[WHAT TO DO]: Leaving the pictures out, print the lines from the first line of the listing through the line containing "In the past", exactly as they read, and no others.

[INPUT DATA]:
■ ■ ■
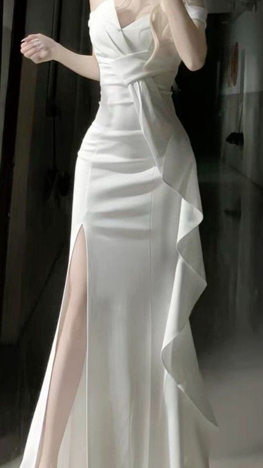 White Off Shoulder Long Prom Gown Evening Dress fg7392
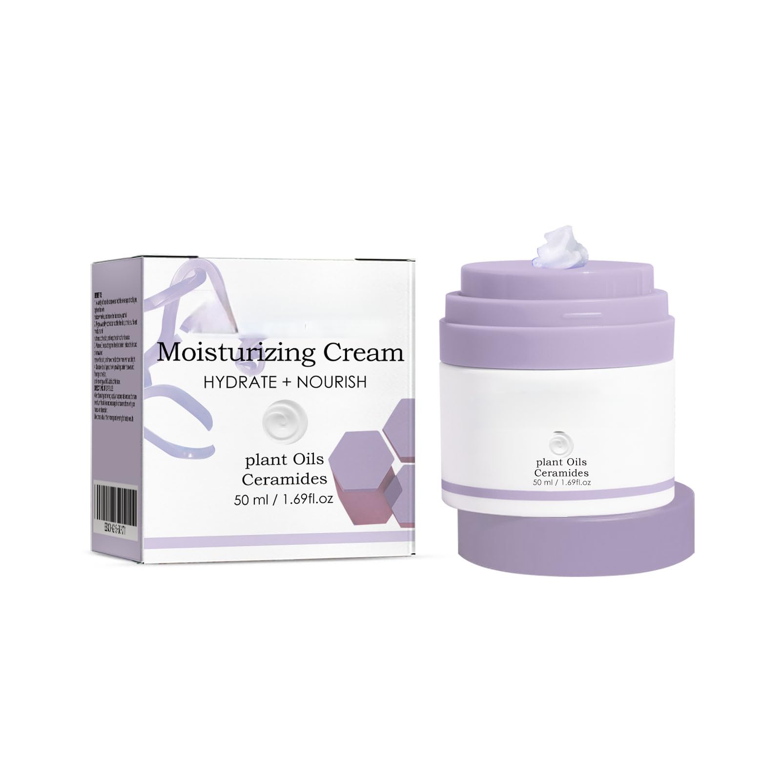 Packaging size: 7.7 6.5 6.5cm. Ingredients: Glycerin, Mineral Oil, Glycerin Stearate. Gross weight: 163g. Keywords: Hydrating and Moisturizing. Product Name: Moisturizing Cream. Net content: 50ml.
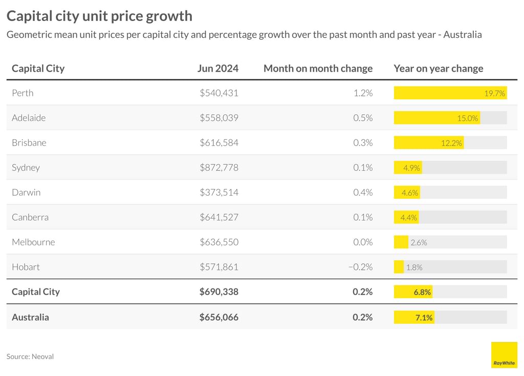 In the past month, capital city unit markets have mirrored trends seen in the housing sector. Perth leads the pack with the highest monthly growth of 1.2 per cent, translating to a 19.7 per cent annual increase and a mean price of $540,431. Adelaide has solidified its position as another growth market, rising 0.5 per cent this month, while Brisbane’s growth has been more modest at 0.3 per cent. However, annual increases in these markets have been robust, with Adelaide up 15 per cent and Brisbane up 12.2 per cent.
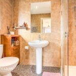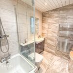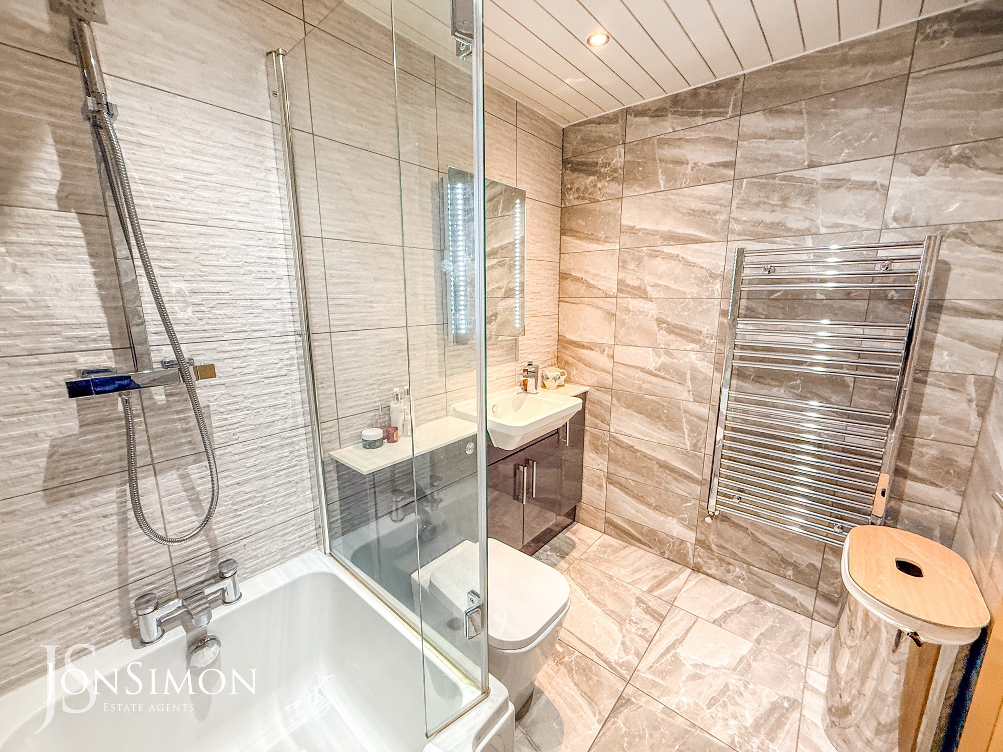 A modern three-piece white suite comprising of a large walk-in shower unit, wash and basin, low-level WC, chrome town radiator, fully tiled walls, extractor unit, ceiling spotlights and UPVC double glazed window.
■ ■ ■
[EXERCISE OUTPUT]:
 White Off Shoulder Long Prom Gown Evening Dress fg7392
 Packaging size: 7.7 6.5 6.5cm. Ingredients: Glycerin, Mineral Oil, Glycerin Stearate. Gross weight: 163g. Keywords: Hydrating and Moisturizing. Product Name: Moisturizing Cream. Net content: 50ml.
 In the past month, capital city unit markets have mirrored trends seen in the housing sector. Perth leads the pack with the highest monthly growth of 1.2 per cent, translating to a 19.7 per cent annual increase and a mean price of $540,431. Adelaide has solidified its position as another growth market, rising 0.5 per cent this month, while Brisbane’s growth has been more modest at 0.3 per cent. However, annual increases in these markets have been robust, with Adelaide up 15 per cent and Brisbane up 12.2 per cent.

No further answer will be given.